Running AI agents continuously is expensive. Here’s what my typical workflow looked like:

Token Usage Breakdown
+------------------+------------------+------------------+
| Task | Tokens/Session | Cost/Session |
+------------------+------------------+------------------+
| Planning phase | ~50k | $0.75 (Opus) |
| Execution phase | ~200k | $3.00 (Opus) |
| Review phase | ~30k | $0.45 (Opus) |
+------------------+------------------+------------------+
| Total per agent | ~280k | $4.20 |
+------------------+------------------+------------------+

With 5-10 agent sessions per day, costs exploded. The execution phase consumed the most tokens but required the least creativity.
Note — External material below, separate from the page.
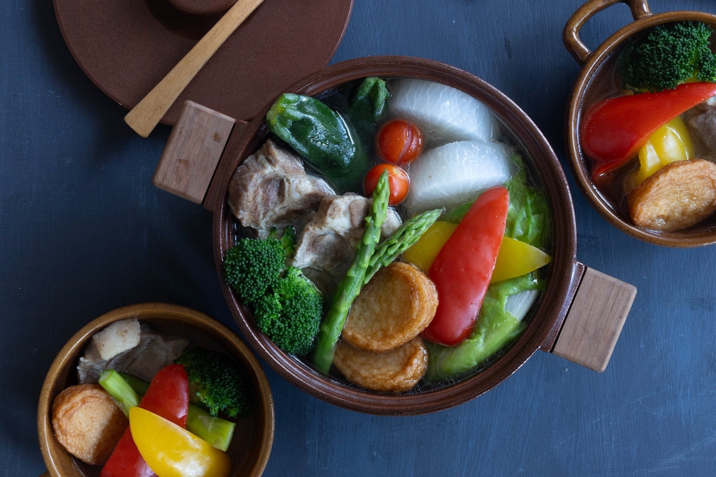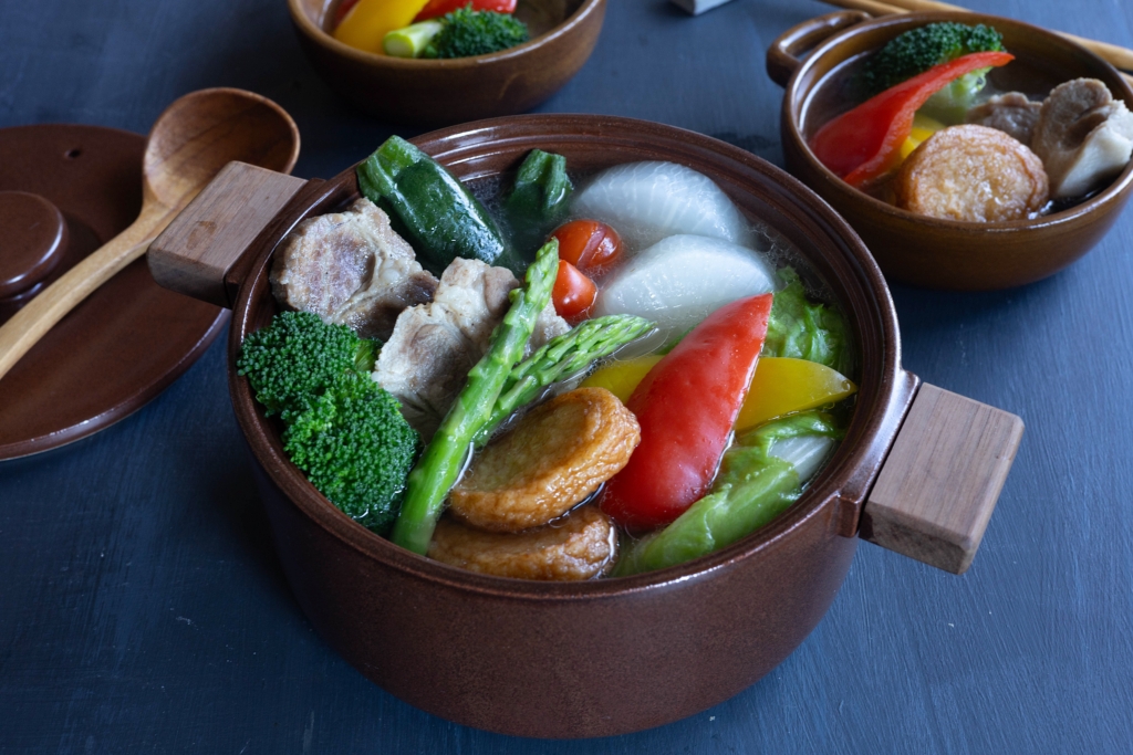 パプリカ、ブロッコリー、ズッキーニ、さつま揚げを加え、15分煮る。

That’s when I started testing budget models as executors.

What I Tested

I evaluated three Chinese budget models for agent execution:

Budget Model Comparison
+------------------+------------------+------------------+------------------+
| Feature | MiniMax 2.7 | GLM 5.1 | Kimi K2.5 |
+------------------+------------------+------------------+------------------+
| Speed (TPS) | 100 constant | 30-50 variable | 40-60 variable |
| Context window | 32k | 128k | 100k+ |
| Quota system | 1500/5hr window | Daily limits | Variable |
| Weekly cap | None | Yes | Varies |
| Cost efficiency | Excellent | Good | Moderate |
| Agent reliability | High | Medium | Medium |
+------------------+------------------+------------------+------------------+

Why MiniMax Won

The Reddit discussion in r/opencodeCLI confirmed my experience:

“for a day-to-day driver minimax is my go-to if im going for cheap”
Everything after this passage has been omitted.